Listed entries START

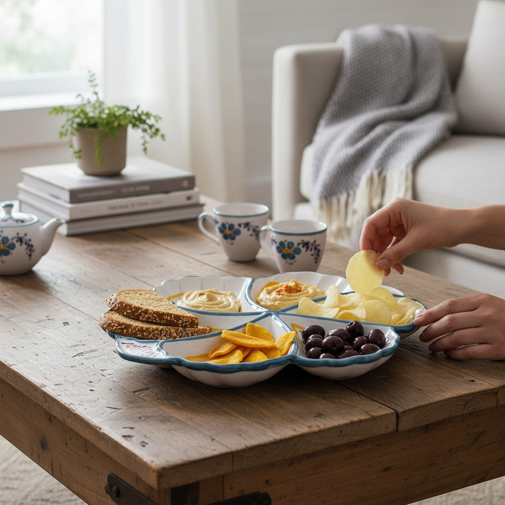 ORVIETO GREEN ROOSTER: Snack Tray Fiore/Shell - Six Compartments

Listed entries END
Listed entries START

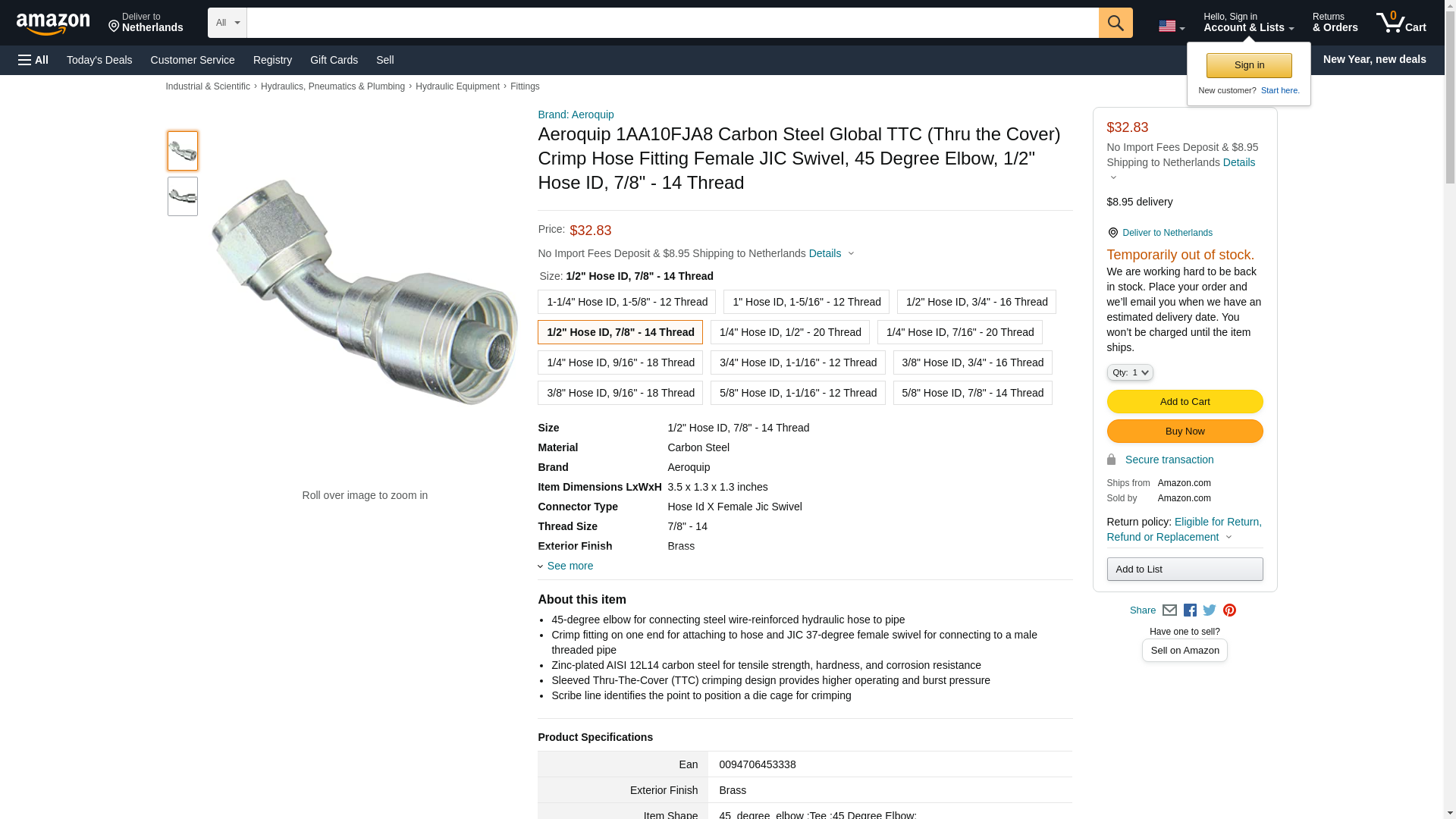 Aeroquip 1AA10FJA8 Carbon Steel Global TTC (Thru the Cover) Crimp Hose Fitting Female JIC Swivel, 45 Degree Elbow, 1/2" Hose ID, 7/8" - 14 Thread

Listed entries END
Listed entries START

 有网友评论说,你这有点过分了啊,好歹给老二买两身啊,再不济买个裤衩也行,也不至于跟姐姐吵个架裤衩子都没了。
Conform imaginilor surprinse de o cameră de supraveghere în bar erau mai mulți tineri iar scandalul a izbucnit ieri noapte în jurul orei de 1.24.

Listed entries END

» Work instructions
Please copy the lines above from the line with "有网友评论说,你这有点过分了" up to and including the line with "Conform imaginilor surprinse", exactly as written and with nothing else.

» Your response
 有网友评论说,你这有点过分了啊,好歹给老二买两身啊,再不济买个裤衩也行,也不至于跟姐姐吵个架裤衩子都没了。
Conform imaginilor surprinse de o cameră de supraveghere în bar erau mai mulți tineri iar scandalul a izbucnit ieri noapte în jurul orei de 1.24.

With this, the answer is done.